Review: Rio

7 10

PLOT: When a domesticated blue macaw is brought to Rio in order to mate with a female, the two birds find themselves trying to escape bumbling bird smugglers. While chained together, both of the birds must come to accept the other, he as a “pet” that can’t fly, and she who longs to soar high above the earth. Thanks to a little help from their friends, the two find themselves on an adventure of a lifetime, and possibly in love… with a little song and dance thrown in.

REVIEW: There is a peaceful serenity throughout the majestic trees that cover Rio de Janeiro. The birds begin to chirp, squeak and sing, and suddenly, it is bursting with music. Sleeping high up above the ground in a large tree is a baby blue macaw. This little bird feels the music as he serenely rests his weary head, yet even he cannot resist the pulsating rhythm. When he begins to join in this wildlife party it is rudely interrupted by men with cages, ready to pluck the birds from their homes. Yet this little bird is lucky enough to fall into the hands of a little girl who is more than willing to be his mother and friend.

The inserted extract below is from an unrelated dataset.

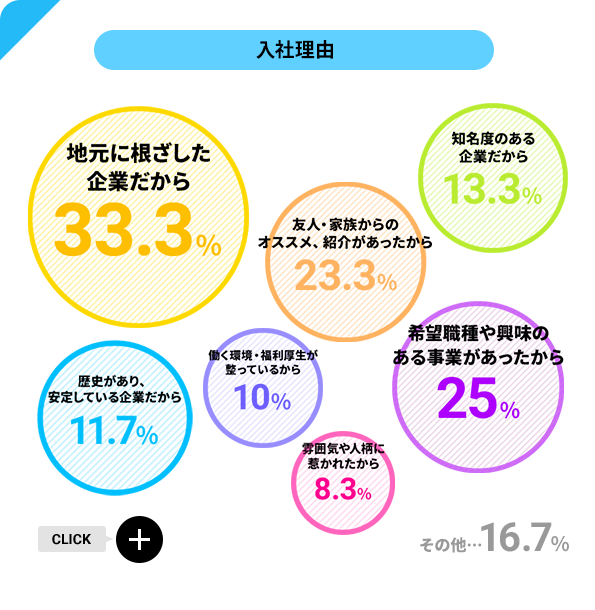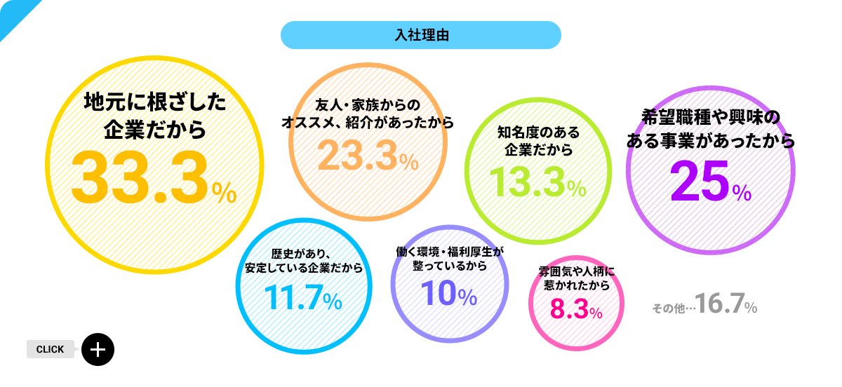 他にも「安定と挑戦の両立」「感謝祭で楽しそうに仕事しているのを見て」「面接時の合否即決に感銘を受けた」「人材教育に力をいれている」「前職までの経歴を高く評価してもらえた」「努力次第でキャリアアップが見込める」など。

Rio is a lively and sometimes stunning adventure for a bird named Blu (Jesse Eisenberg) and the woman who took him in all those years ago, Linda (Leslie Mann). In fact, if it wasn’t for Eisenberg and Mann creating such an incredibly charming relationship as owner and pet – or friend to friend – this animated tale wouldn’t have nearly the amount of charm it possesses. This is especially evident early on as the two share a bond that is disarmingly wonderful. After all, both have suffered heartbreak and fear, yet together they can take on the world. This relationship keeps Blu’s escapade personal and involving. You want both Blu and Linda to be happy because they are so darn sweet together. Even though his years under her care have kept the bird from following his natural instinct to fly… he just can’t do it.

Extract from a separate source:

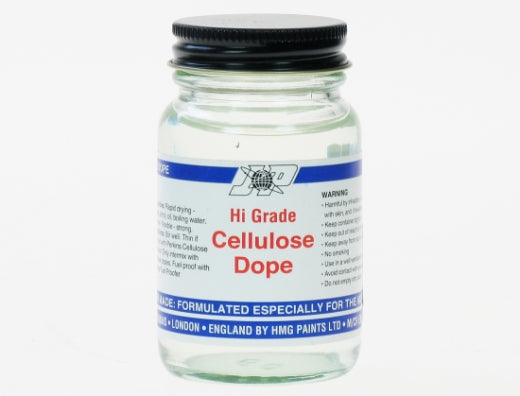 Clear shrinking dope tightens model aircraft fabrics to provide a waterproof lustrous (or satin finish) for aircraft & marine models.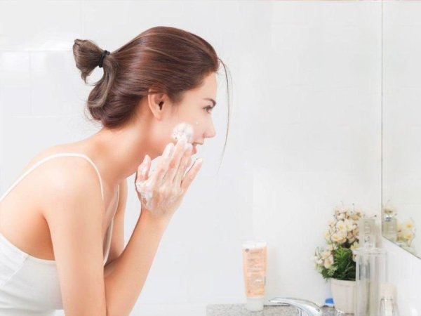 Tẩy trang giúp làm sạch kem chống nắng, lớp trang điểm và bụi bẩn trên da (Nguồn: Hoc11.vn)Làm sạch với sữa rửa mặt

When Linda and Blu are convinced to fly to Rio in order to have the dashing hero mate with another macaw, things really get lively, albeit predictable. Blu is introduced to Jewel (Anne Hathaway), a beautiful and seductive macaw, who has no interest in mating. We soon find that those pesky bird snatchers have an interest in the last two remaining macaws, and during the night, Blu and Jewel are birdnapped. This of course leads to several chase sequences, during which the two must find friends to help Jewel to freedom and get Blu back to his BFF Linda.

Along the way, we meet a number of friends and foes including George Lopez as a wise old Toucan named Rafael. The Black Eyed Pea will.i.am and Jamie Foxx supply the groovy beats as Pedro and Nico, respectively. And then there is baddie bird Nigel, voiced by Jemaine Clement (FLIGHT OF THE CONCHORDS). This ghastly fellow is a bird with a chip on his shoulder, and he helps out a group of ruffians who illegally capture the fair feathered friends and sell them to the highest bidder. The wonderfully inspired casting choices are especially good, most notably Clement who is a perfect villain for this avian adventure.

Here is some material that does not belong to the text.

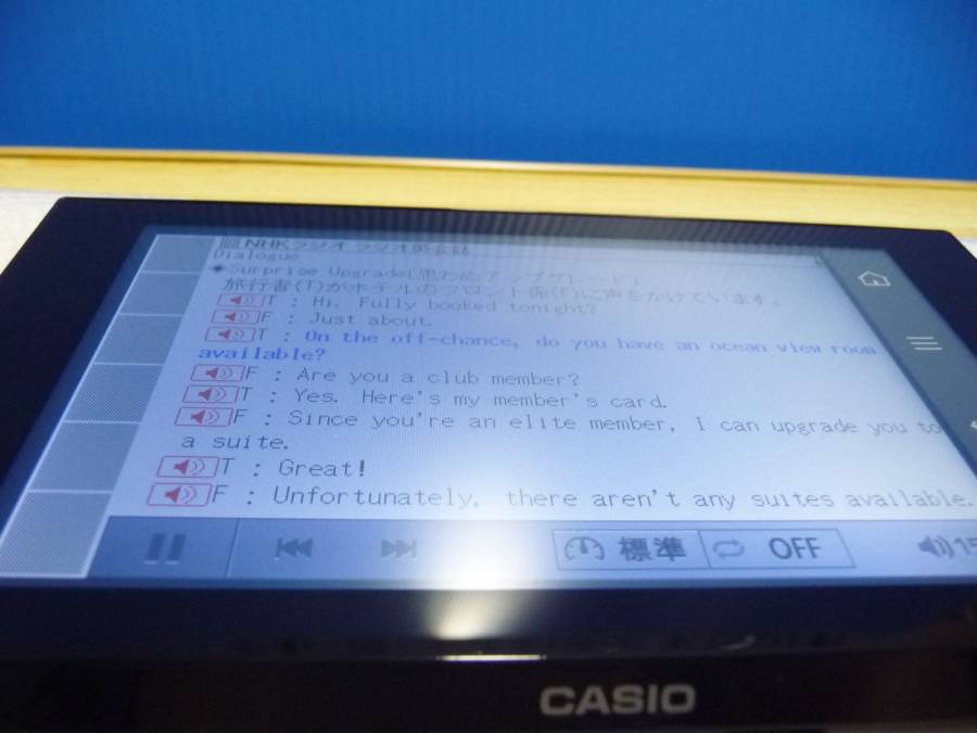 | 商品説明 | 製品:CASIO カシオ デジタル英会話学習機 EX-word RISE (40コンテンツ収録) XDR-A10(WE) [ホワイト] です。 大手家電量販店購入の展示品です。 即決です。消費税はかかりません。 まずまずキレイな部類の展示品だと思います。 (箱の状態はイマイチです) たくさん画像を掲載しておりますので、 外観状態は画像をご参考にして下さい。 (ヤフオクからご覧になった方が制限なくたくさんの画像を閲覧できます) 主観の差はご容赦下さい。 付属品は全部揃っています。 出品前に充電とタッチパネル操作、コンテンツの再生などの 簡易動作確認をしております。 (動作OK) 購入後は上述の充電+数分程度の動作確認を除き未使用です。 ◆付属品・・・箱裏や箱の見開きや取扱説明書の付属品欄より /CASIO エクスワード RISE XDR-A10(WE) 本体 /専用ACアダプター /ACアダプター用USBケーブル /取扱説明書(保証書付き) と /充電する場合のご注意(コピー) ◆製品 この一台で英会話が習得できる。新発想の[デジタル英会話学習機] 時間とシーンに合わせて3ウェイスタイルで英会話が学習できる デジタル英会話学習機。40コンテンツを収録し、5.3型タッチパネルを搭載。 片手で持つ、ポケットに入れてリスニング、 ディスプレイをスライドしキーボードで文字入力、 ディスプレイを立ち上げ置いて使うなど、使い方が多様。 英語習得に必要な力をボキャブラリー・リスニング・スピーキング・テスト対策の 4つにカテゴライズし、レベルや進捗に合わせて能率的に学習できる。 ■リズムで楽しみながら記憶に残るキクタンシリーズ リズムに乗って読み上げられるネイティブ発音を聞いて英単熟語を暗記。 英単熟語とその意味が続けて発音されるので、セットで覚えられます。 ■リスニング ネイティブ独特の発音を聞き取り、生きた言葉として理解することで コミュニケーション力のベースを築き上げます。 ■リアルな楽しい会話を毎日聞く 音声とテキスト収録で耳と目からネイティブの生きた英語を学びます。 英会話、基礎英語、ビジネス英語と幅広く学べます。 ■ネイティブ独特の音声変化を身につける 「on it = オニット」のように、独特の音声変化が聞き取れるように、 ルールと実例を紹介。フレーズクイズに挑戦して覚えた発音の確認ができます。 ■スピーキング 相手に伝わる正しい発音と会話力を育てます。 自らの発音を確認することで、より実践的なトレーニングにつながります。 ■3ステップで英会話をマスター デイビッド・セイン先生のオリジナルメソッドをコンテンツ化。 身近なストーリーを楽しみながら、 インプット・メモリー・アウトプットの3ステップで学習し、 実践的な会話力を磨きます。 ■実際の会話にチャレンジ 対話形式のネイティブ発音と文章(スキット)を収録。 相手のセリフに答えるように発音すると、その音声が録音され、 お手本の音声と聞き比べることができます。 ■発音を採点・アドバイスしてくれる ■テスト対策 TOEICやTOEFLなど、英語力を測定するテストのスコアアップをバックアップ。 解き方を知る、問題を解くという一連の学習が可能です。 ■解くためのコツを覚える テストのパートごとに、解答を導くための見るべきポイントをやさしく解説。 ■公式問題集で実践力を身につける 【優れたパフォーマンス】 ■直感的に操作・入力 5.3型タッチディスプレイを採用し、項目やソフトキーボードに直接触れることで 操作・入力が可能。ハードキーボードでの操作・入力にも対応しています。 ■頻繁に使うコンテンツにすばやくアクセス ホーム画面に、コンテンツを5つまで登録可能。 コンテンツを探し出す手間が省け、能率的に学習できます。 ■ネイティブの発音が聞ける ネイティブスピーカーの音声を収録し、実践的なリスニング学習が可能。 画面を消灯した状態でも音声を再生することができ、 カバンなどに入れたままのリスニング学習も可能です。 ・英単語約10万語ネイティブ発音 ■自分の発音を録音できる マイクを内蔵し、自分の発した音声を録音することができます。 お手本のネイティブ発音と聞き比べることで、自分の発音を客観的に分析。 ■リスニング学習のための操作パネル 再生/停止、次送り/前戻し、音声スピードの調整などができる 音声プレイヤーをリスニング時に表示。 学習状況に合わせてスムーズにコントロールできます。 ■辞書機能も搭載 ジーニアス英和辞典や和英辞典を収録し、 意味のわからない単語や熟語などをスピーディーに調べることができます。 ■スマートフォン連携で、学習がさらに能率的に: クラブエクスワード ◆詳細はメーカーサイトで確認して下さい https://casio.jp/det/products/XDR-A10/ ・スペック https://casio.jp/det/products/XDR-A10/spec/ ・収録コンテンツ https://casio.jp/det/products/XDR-A10/contents/ *** 『あなたがアクセスしようとしているリンク先は Yahoo! JAPANのサイトではありません。 IDやパスワードを要求するサイトにご注意ください。』 と表示されます

The beauty in the animation is bright and vivid and enticing. This family friendly look at Rio and its inhabitants certainly shines, especially when we see some of the city’s landmarks, such as the Christ the Redeemer statue as the audience experiences flight thanks to director Carlos Saldanha (ICE AGE) and crew. The 3D, while not necessary, does add spark to the already grand visuals occasionally. Unless you are simply desperate to wear the glasses, the film is fanciful enough without them.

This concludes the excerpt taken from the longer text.